Давно я жду, и в этом наслажденья
Не чувствую; давно я, как медведь,
вокруг дупла душистого шатаюсь,
не смея тронуть мед… Я допытаюсь,
я доберусь… Я требую ответ,
насмешливая Сильвия: пойдешь ли
ты за меня?..



Неужели ты забыл, Игорь, как однажды в конце семидесятых во время нашей случайной — или не случайной? — встречи ты дал мне понять, что нам не стоит поддерживать дружеские связи, особенно в виду того, что я всё больше дрейфую в сторону врагов режима? “Судьба слепа, но каждый встречает ее поодиночке”, — разве это не ты отчеканил тогда эту мудрость перед тем, как мы расстались?

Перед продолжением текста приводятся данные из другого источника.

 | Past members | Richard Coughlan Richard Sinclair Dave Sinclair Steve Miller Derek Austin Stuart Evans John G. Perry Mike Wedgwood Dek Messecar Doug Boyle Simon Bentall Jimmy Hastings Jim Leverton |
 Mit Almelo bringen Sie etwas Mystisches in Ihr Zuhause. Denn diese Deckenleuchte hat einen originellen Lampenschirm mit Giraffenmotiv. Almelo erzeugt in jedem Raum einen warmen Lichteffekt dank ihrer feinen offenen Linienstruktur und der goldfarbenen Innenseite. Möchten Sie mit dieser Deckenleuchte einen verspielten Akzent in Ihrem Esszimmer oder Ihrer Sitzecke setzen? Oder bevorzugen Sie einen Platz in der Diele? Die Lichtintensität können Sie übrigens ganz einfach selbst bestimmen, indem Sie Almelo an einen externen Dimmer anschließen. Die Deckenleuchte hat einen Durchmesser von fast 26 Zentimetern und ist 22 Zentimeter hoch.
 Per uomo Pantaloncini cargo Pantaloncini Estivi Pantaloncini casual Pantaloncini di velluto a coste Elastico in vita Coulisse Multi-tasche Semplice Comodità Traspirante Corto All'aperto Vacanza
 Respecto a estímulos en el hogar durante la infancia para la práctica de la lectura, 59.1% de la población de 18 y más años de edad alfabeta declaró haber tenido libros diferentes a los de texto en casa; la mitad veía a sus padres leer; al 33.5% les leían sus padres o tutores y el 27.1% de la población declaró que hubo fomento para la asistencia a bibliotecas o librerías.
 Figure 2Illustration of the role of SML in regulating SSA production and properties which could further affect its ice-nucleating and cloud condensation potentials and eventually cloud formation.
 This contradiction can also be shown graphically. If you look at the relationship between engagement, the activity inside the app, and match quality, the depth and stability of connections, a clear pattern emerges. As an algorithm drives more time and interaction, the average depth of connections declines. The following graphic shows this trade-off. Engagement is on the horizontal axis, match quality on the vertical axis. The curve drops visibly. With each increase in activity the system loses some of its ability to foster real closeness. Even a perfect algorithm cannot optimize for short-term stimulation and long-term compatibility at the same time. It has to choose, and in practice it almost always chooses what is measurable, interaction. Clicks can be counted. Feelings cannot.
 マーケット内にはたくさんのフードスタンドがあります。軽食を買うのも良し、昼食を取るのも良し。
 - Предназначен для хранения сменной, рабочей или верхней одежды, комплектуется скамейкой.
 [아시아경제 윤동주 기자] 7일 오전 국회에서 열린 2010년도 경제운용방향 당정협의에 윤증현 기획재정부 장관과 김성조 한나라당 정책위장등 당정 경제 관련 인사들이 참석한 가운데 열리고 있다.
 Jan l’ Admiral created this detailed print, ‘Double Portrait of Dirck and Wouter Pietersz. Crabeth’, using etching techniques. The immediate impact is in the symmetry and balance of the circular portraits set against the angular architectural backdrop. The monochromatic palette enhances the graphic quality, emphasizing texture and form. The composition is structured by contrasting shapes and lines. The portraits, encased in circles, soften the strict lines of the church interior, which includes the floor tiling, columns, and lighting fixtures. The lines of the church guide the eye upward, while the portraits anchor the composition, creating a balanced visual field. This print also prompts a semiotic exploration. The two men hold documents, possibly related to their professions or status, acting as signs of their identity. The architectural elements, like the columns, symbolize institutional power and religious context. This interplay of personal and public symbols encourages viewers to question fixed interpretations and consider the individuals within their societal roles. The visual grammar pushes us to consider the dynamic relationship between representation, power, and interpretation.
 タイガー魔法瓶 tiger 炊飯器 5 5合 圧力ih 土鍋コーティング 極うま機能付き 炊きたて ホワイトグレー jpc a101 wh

“Между прочим, — ты говоришь, — у нас тебя ждет обалденный сюрприз”.

Стук в наружную дверь.

“Не сомневаюсь”, — говорю я.



“Что ты имеешь в виду?” — удивляешься ты.



Слыхали?.. Этот стук…
Он, может быть…



Я лишь вздыхаю в ответ.

КОЛВИЛ:

“Машина нужна? — в этом месте ты немного спотыкаешься, видимо, вспомнив цэковские машины. — Я могу послать за тобой машину”.



О нет; наш вольный друг
стучит совсем иначе.



“Не нужно, я приеду на троллейбусе”.



“На троллейбусе?! — ты хохочешь. — Любка, воображаешь, Стас собирается к нам на троллейбусе!”

Стук повторный.

“А почему же нет? — бормочу я. — У меня тут 116-й прямо под окном, а ведь он идет, если память не изменяет, прямо к метро “Князь Кропоткин”.

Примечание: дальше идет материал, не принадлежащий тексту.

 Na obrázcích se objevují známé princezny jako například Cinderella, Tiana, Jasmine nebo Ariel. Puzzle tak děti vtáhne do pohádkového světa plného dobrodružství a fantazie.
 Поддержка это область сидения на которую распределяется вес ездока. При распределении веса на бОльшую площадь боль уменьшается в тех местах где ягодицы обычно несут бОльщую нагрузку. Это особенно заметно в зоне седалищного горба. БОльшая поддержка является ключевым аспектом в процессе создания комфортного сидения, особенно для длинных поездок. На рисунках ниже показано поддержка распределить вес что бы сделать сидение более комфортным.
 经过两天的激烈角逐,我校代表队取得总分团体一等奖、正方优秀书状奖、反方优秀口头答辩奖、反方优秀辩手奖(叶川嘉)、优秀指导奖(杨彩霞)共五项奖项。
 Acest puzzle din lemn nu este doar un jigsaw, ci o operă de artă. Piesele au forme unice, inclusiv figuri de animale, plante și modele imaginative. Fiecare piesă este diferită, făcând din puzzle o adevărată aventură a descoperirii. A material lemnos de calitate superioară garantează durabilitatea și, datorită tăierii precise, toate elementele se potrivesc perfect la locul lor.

Ты определенно тронут, вплоть до того, что и меня трогают какие-то трогательные нотки в твоем голосе. “Предлагаешь встретиться на том же месте, где тридцать лет назад? Возле “Моссправки”?”

ГОЛОС ЗА ДВЕРЬЮ:

“Точно!”



Отопрешь ли,
телохранитель Вакха?



“Стас Ваксино!”

КОЛВИЛ:

“Игорь Горелик!”



Это он, —
хоть стук и необычен. Стречер, милый,
куда же ты?



Договорились. Ожидается ужин с приятными воспоминаниями.

СТРЕТЧЕР:

Выхожу из дома. Под высокой аркой постоянный поток карбон-моноксида маскируется под ветер из чьего-то непорочного детства. Траффик застрял по всему перекрестку. Единственным движущимся объектом в этом параличе оказывается только что упомянутый 116-й троллейбус с его щупальцами на крыше.



Я очень утомлен,
пойду я спать…



На остановке оттуда никто не вываливается. Никакой душегубки внутри, пожалуй, даже пустовато. Несколько пассажиров с ухмылочками, с приплевочками покидают ТС. Никто не собирается штурмовать двери. Впечатление такое, что ТС прибыло не из московской сутолоки, а из буколического рассказа. Никто вообще не садится, кроме автора.